▸ Provided information:
━━━━━━━━━━

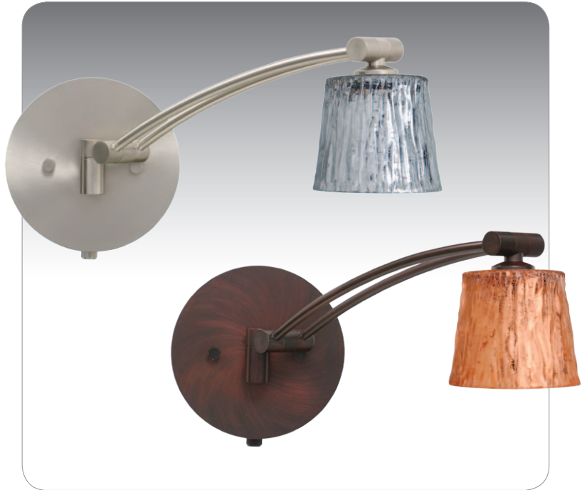
NICO 3 SWING ARM SHOWN IN "WW" STONE SILVER FOIL (1WW-5145SFSN) & "WW" STONE COPPER FOIL (1WW-5145CF-BR) IN BRONZE FINISH

UL or ETL Listed. Suitable for Damp Locations (interior use only).
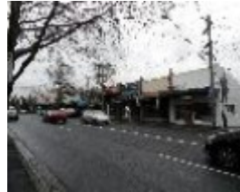
CANTERBURY ROAD COMMERCIAL PRECINCT west
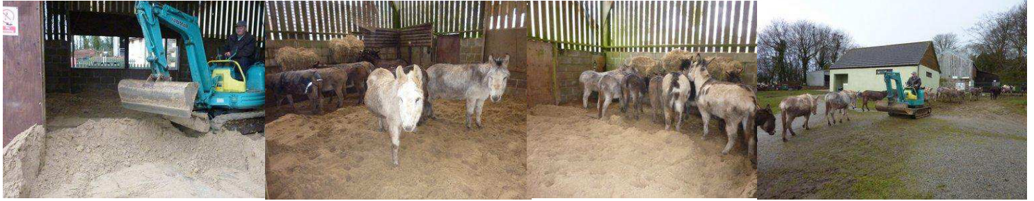
We love the "sea" sand on our donkey house floor that's new every few months
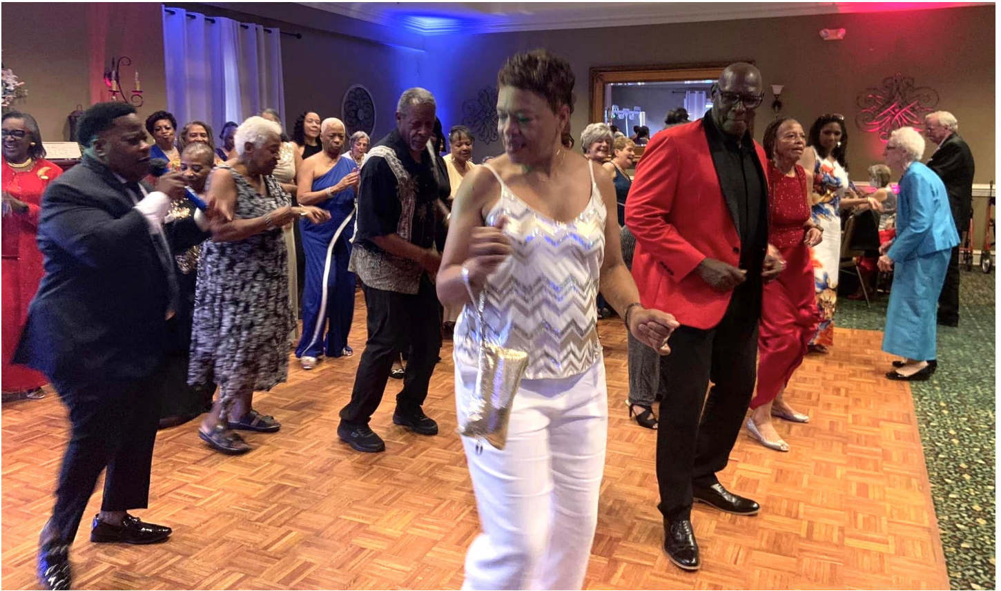
Posted by Vickie Butler October 2, 2023
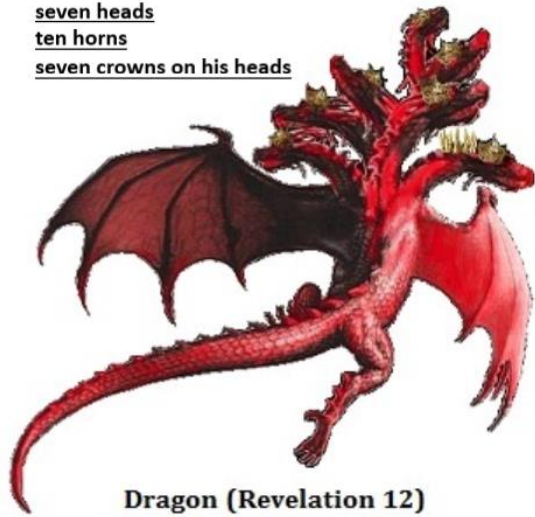
Dragon (Revelation 12)

seven heads ten horns seven crowns on his heads
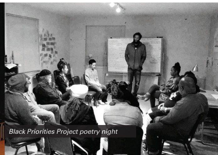
Black Priorities Project poetry night
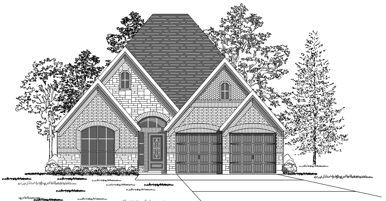
Design 2267W E-55
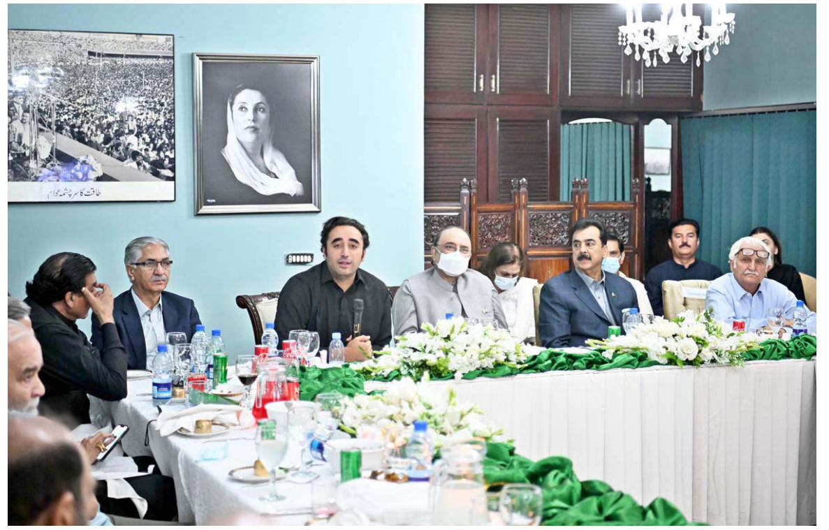
ISLAMABAD: Chairman Pakistan Peoples Party Bilawal Bhutto Zardari and President Pakistan Peoples Party Asif Ali Zardari presiding over meeting of PPP Central Executive Committee (CEC) at Zardari House.
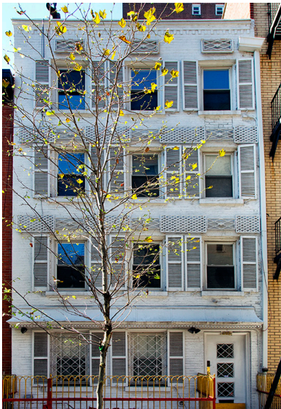
BrownHarrisStevens.com WEB# 11122180
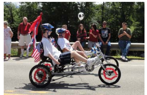
Old Home Day Parade 2011
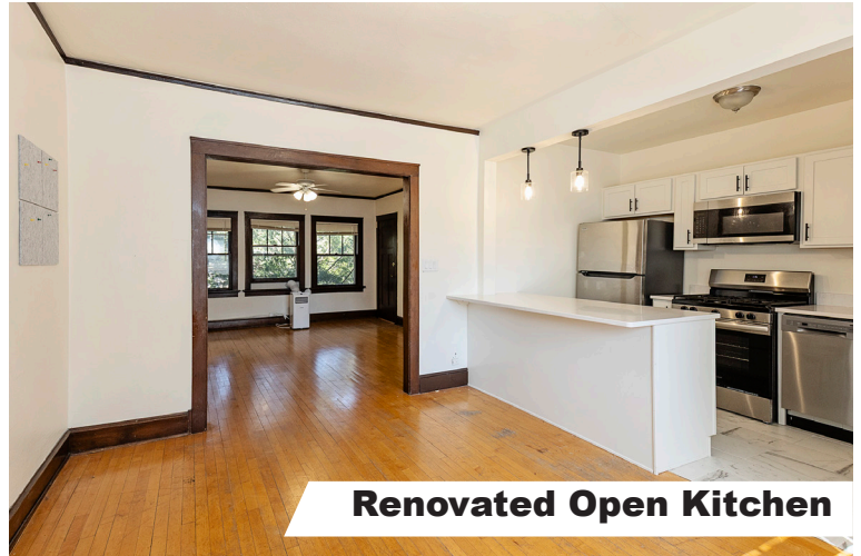
Renovated Open Kitchen
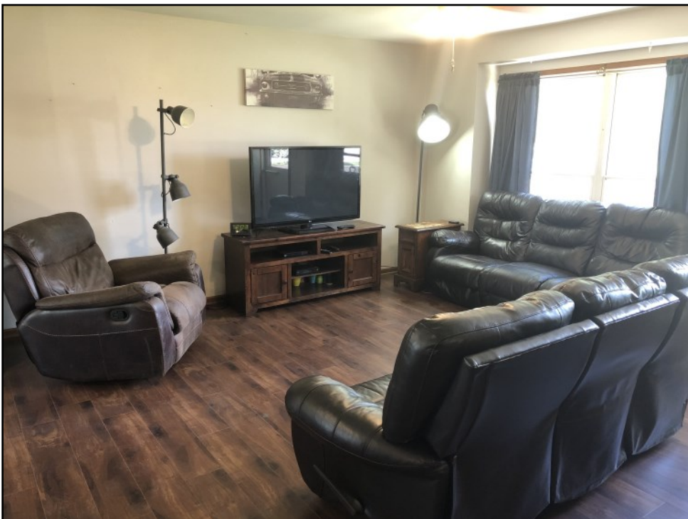
The newly renovated living room in our men's CILA features an open floorplan that will make it easier for individuals with mobility issues to use.
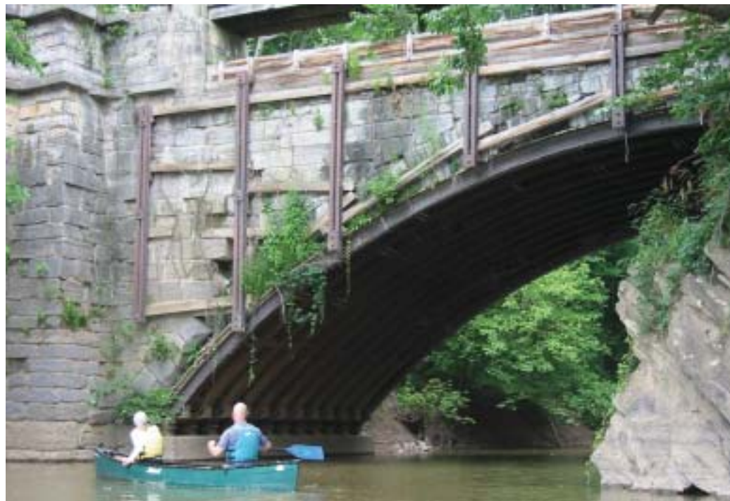
Canoeists paddle under Tonoloway Creek Aqueduct, near Hancock, Md., for a closer look."
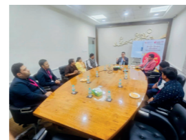
January 16 - Coffee with MD & CEO with Housekeeping, Security & F&B

━━━━━━━━━━

▸ Task details: Restate word for word the lines above that start at the line containing "Canoeists paddle under" and run to the end of the listing; exclude the pictures.

▸ Worked solution:
Canoeists paddle under Tonoloway Creek Aqueduct, near Hancock, Md., for a closer look."
January 16 - Coffee with MD & CEO with Housekeeping, Security & F&B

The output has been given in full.